#### Collected material
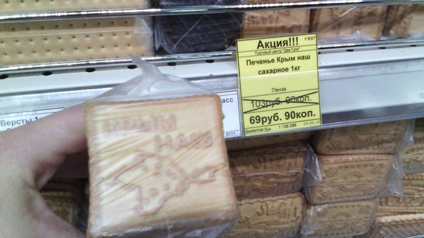 У магазинах російського міста Пенза з'явилося печиво "Кримнаш". На ньому зображений контур півострова і відповідний напис. Коштує воно цілком бюджетно - 103 руб / кг (близько 25 грн). Але, судячи з усього, великим попитом не користується, так як продають печиво за аукціонною ціною 70 руб / кг.
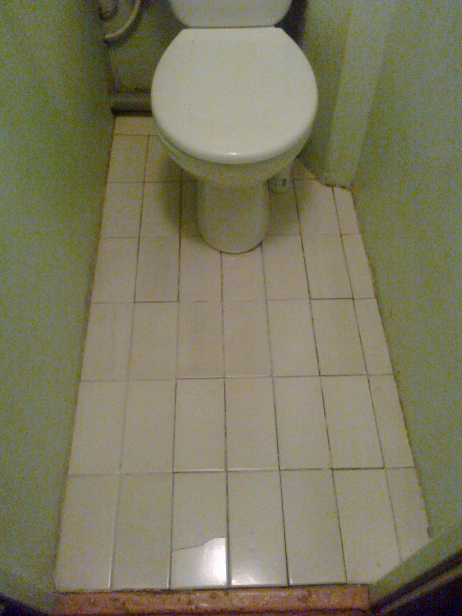 Korterelamu WC põrandaplaatide kinnitamine. Peaaegu kõik plaadid on lahtilogisenud, sest WC-poti põrandakinnituse 1 kruvi on katki. Põranda tagumine serv (10 cm) on halvasti tehtud ja vajab uut lahendust. Põrandapind 70 cm x 1,50. Tagumine osa kitsam püstaku torude tõttu
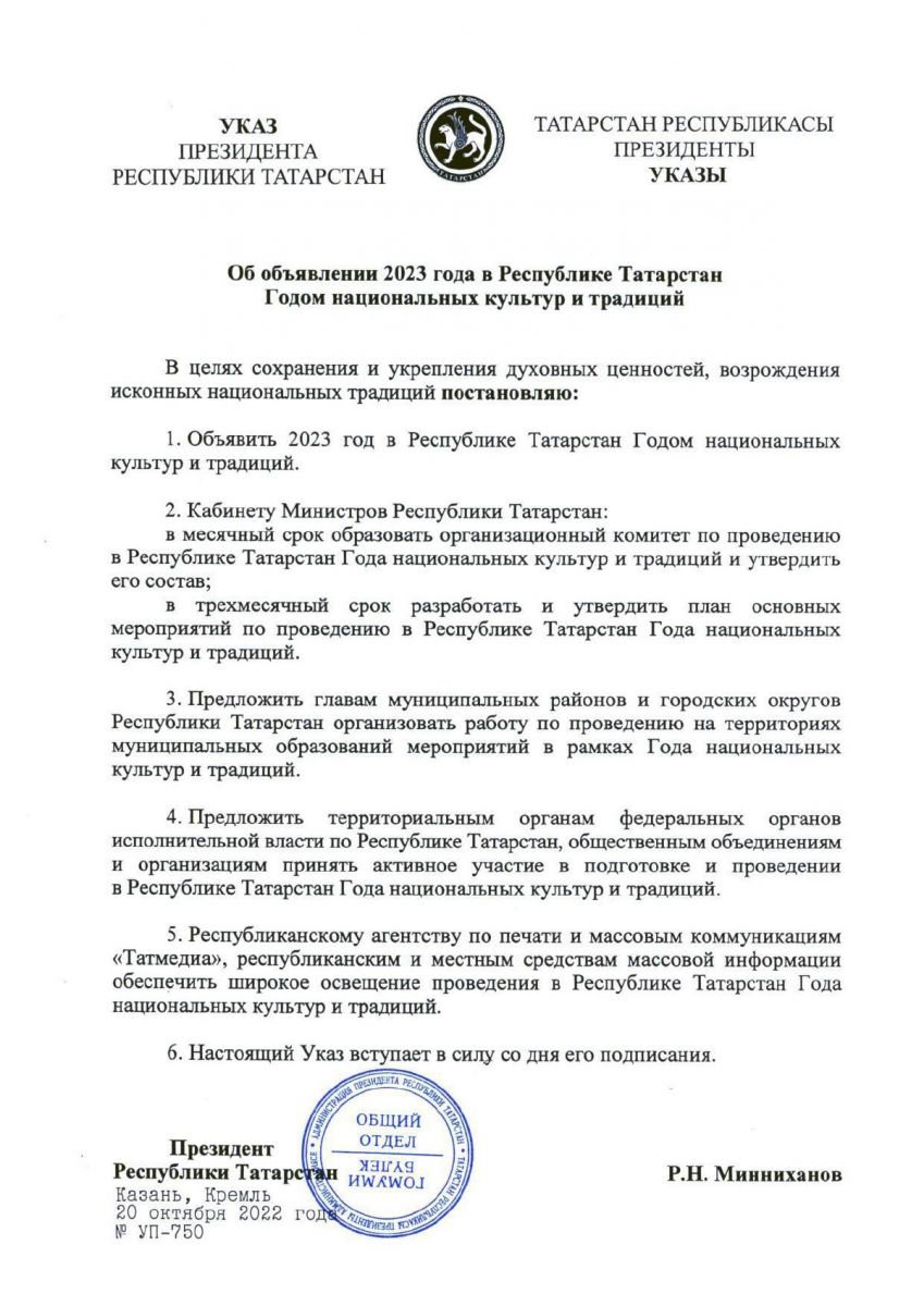 2023 -год в Татарстане объявлен Годом национальных культур и традиций

#### Required work
An exact copy is needed of the lines running from the one containing "Korterelamu WC põrandaplaatide" through the last line of the material, and of no others; pictures stay out.

#### Answer space
 Korterelamu WC põrandaplaatide kinnitamine. Peaaegu kõik plaadid on lahtilogisenud, sest WC-poti põrandakinnituse 1 kruvi on katki. Põranda tagumine serv (10 cm) on halvasti tehtud ja vajab uut lahendust. Põrandapind 70 cm x 1,50. Tagumine osa kitsam püstaku torude tõttu
 2023 -год в Татарстане объявлен Годом национальных культур и традиций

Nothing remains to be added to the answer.